21. The article of manufacture of claim 20, wherein each of the endpoint component and fabric manager component includes a plurality of sub-components, a portion of the sub-components to be executed in a user space of an operating system running on each of the respective devices, a portion of the sub-components to be executed in a kernel space of the operating system.

22. The article of manufacture of claim 15, wherein execution of the instructions perform the further operations including:

detecting a change in a topology of the serial-based interconnect fabric;

23. A line card apparatus, comprising:

a network processing unit (NPU);

memory, coupled to the NPU;

an Advance Switching (AS) switch element, linked in communication with the NPU, the AS switch element coupled to a connector configured to connect the apparatus to an AS Fabric via an AS link;

a central processing unit (CPU);

memory, coupled to the CPU; and

a storage device, having instructions stored therein, which if executed by the CPU perform operations including,

sending a query to a fabric manager via an AS link requesting connection information for at least one target endpoint having attributes matching attributes specified in the query;

receiving a query reply from the fabric manager containing connection information to connect the requesting endpoint to a target endpoint having attributes matching attributes specified in the query; and

negotiating a peer-to-peer connection with the target endpoint to establish peer-to-peer connection with the target endpoint.
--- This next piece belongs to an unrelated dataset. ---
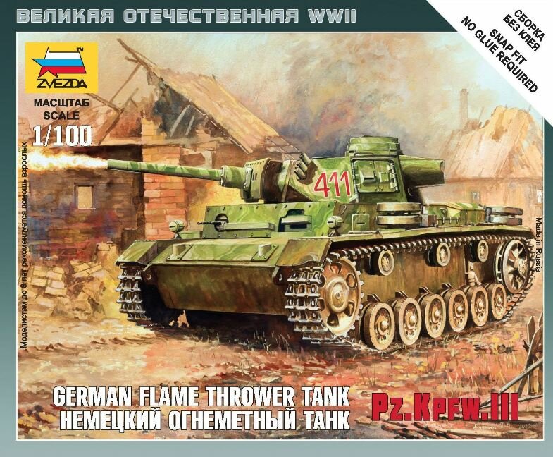Сборная модель Zvezda Немецкий огнеметный танк Pz.Kfw III, масштаб 1:100 - ZV-6162

24. The line card apparatus of claim 23, wherein the line card comprises a server blade;

25. The line card apparatus of claim 23, wherein the line card comprises an Advanced Telecom Computer Architecture (ATCA) board.

26. A system, comprising:

a chassis, including a backplane;

a first endpoint device, coupled to the backplane;

a second endpoint device, coupled to the backplane;

at least one switching device, coupled to the backplane, said at least one switching device comprising a serial-based interconnect fabric; and

a fabric management device, operatively coupled to control switching operation of the serial-based interconnect fabric;

wherein each of the first and second endpoint devices and the fabric management host device have an endpoint software component stored thereon, and the fabric management device further stores a fabric management software component, and wherein execution of the endpoint software components by the first and second endpoint devices and the fabric management device and execution of the fabric manager software component by the fabric management device enables a peer to peer connection between the first and second endpoint devices to be established by performing operations including,

sending a query from the first endpoint device to the fabric management device requesting connection information for at least one target endpoint device having attributes matching attributes specified in the query;

returning a query reply from the fabric management device to the first endpoint device containing connection information to connect the first endpoint device to a target endpoint device having attributes matching attributes specified in the query, the target endpoint device comprising the second endpoint device; and

negotiating a peer-to-peer connection between the first endpoint device and the second endpoint device to establish the peer-to-peer connection.

27. The system of claim 26, wherein the chassis comprises an Advanced Telecom Computer Architecture (ATCA) chassis, and each of the first and second endpoint devices and said at least one switching device comprises ATCA boards.

28. The system of claim 26, wherein the chassis comprises a blade server chassis, and each of the first and second endpoint devices and said at least one switching device comprise server blades.

29. The system of claim 26, wherein the fabric management device comprises a control card coupled to the serial-based interconnect fabric.

30. The system of claim 26, wherein the fabric management device comprises one of said at least one switching device.